It describes a persistent underlying disturbance to conscious thought and is classified largely by its effects on speech and writing. Affected persons may show pressure of speech (speaking incessantly and quickly), derailment or flight of ideas (switching topic mid-sentence or inappropriately), thought blocking, rhyming, punning or 'word salad' when individual words may be intact but speech is incoherent.


Subtypes in detail

Nancy AndreasenTemplate:Ref has given the following definitions.

  • Pressure of speech - An increase in the amount of spontaneous speech compared to what is considered customary.
  • Distractible speech - During mid speech, the subject is changed in response to a stimulus. e.g. "Then I left San Francisco and moved to... where did you get that tie ?"
  • Tangentiality - Replying to questions in an oblique, tangential or irrelevant manner. e.g. "What city are you from ?", "Well, that's a hard question.

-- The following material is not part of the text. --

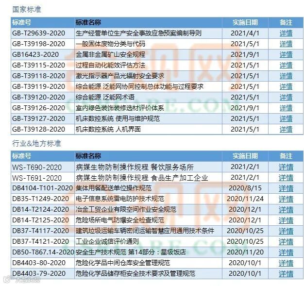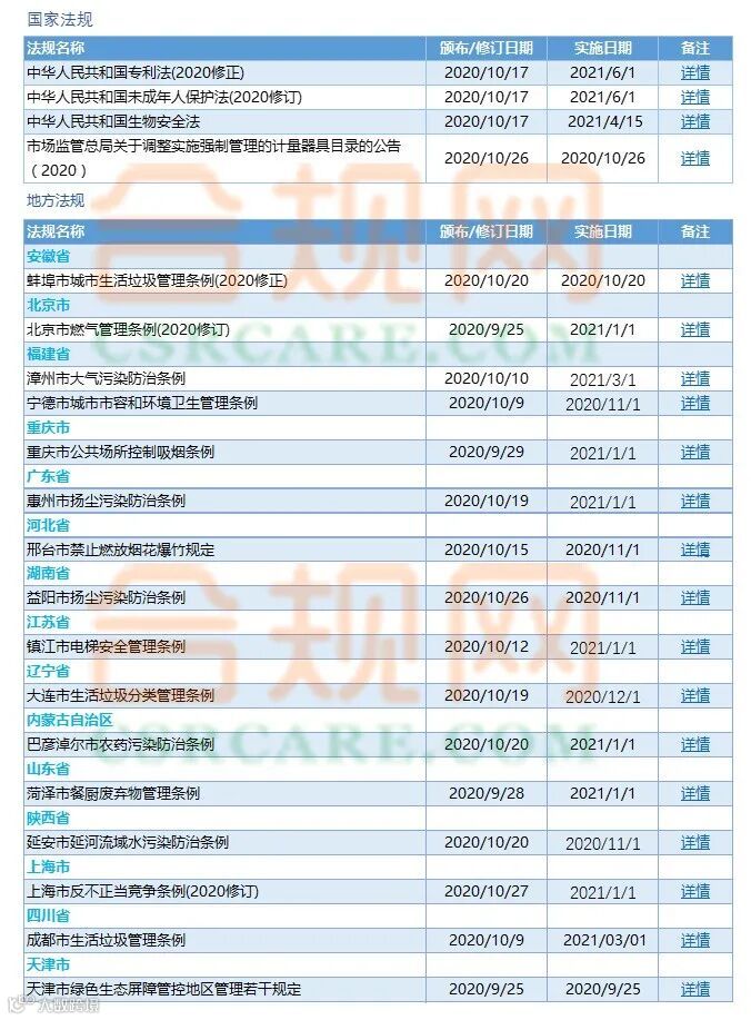 1、完整清单请登录合规网(www.csrcare.com)搜索关键词“2020年10月EHS法规标准清单”获取;

I'm from Iowa. I really don't know where my relatives came from, so I don't know if I'm Irish or French".
  • Derailment - Ideas slip off the track on to another which is obliquely related or unrelated. e.g. "The next day when I'd be going out you know, I took control, like uh, I put bleach on my hair in California".
  • Incoherence (word salad) - Speech that is unintelligible due to the fact that, though the individual words are real words, the manner in which they are strung together results in incoherent gibberish, e.g. the question "Why do people believe in God?" elicits a response like "Because make a twirl in life, my box is broken help me blue elephant. Isn't lettuce brave? I like electrons, hello."
  • Illogicality - Conclusions are reached that do not follow logically (non sequiturs or faulty inductive inferences).
  • Clanging - Sounds rather than meaningful relationships appear to govern words. e.g. "I'm not trying to make noise. I'm trying to make sense. If you can't make sense out of nonsense, well, have fun".
  • Neologisms - New word formations. e.g. "I got so angry I picked up a dish and threw it at the geshinker".
  • Word approximations - Old words used in a new and unconventional way. e.g. "His boss was a seeover".
  • Circumstantiality - Speech that is very delayed at reaching its goal. Excessive long windedness.
  • Loss of goal - Failure to show a chain of thought to a natural conclusion.
  • Perseveration - Persistent repetition of words or ideas. e.g. "I'll think I'll put on my hat, my hat, my hat, my hat, my hat, my hat, my hat, my hat..."
  • Echolalia - Echoing of other people's speech e.g. "Can we talk for a few minutes?", "Talk for a few minutes".
  • Blocking - Interruption of train of speech before completed.
  • Stilted speech - Speech excessively stilted and formal. e.g. "The attorney comported himself indecorously".
  • Self-reference - Patient repeatedly and inappropriately refers back to self. e.g. "What's the time?", "It's 7 o'clock. That's my problem".
  • Phonemic paraphasia - Mispronounciation; syllables out of sequence. e.g. "I slipped on the lice broke my arm".
  • Semantic paraphasia - Substitution of inappropriate word. e.g. "I slipped on the coat, on the ice I mean, and broke my book".

Diagnostic issues

The concept of thought disorder has been criticised as being based on circular or incoherent definitionsTemplate:Ref. For example, thought disorder is inferred from disordered speech, however it is assumed that disordered speech arises because of disordered thought. Similarly the definition of 'Incoherence' (word salad) is that speech is incoherent.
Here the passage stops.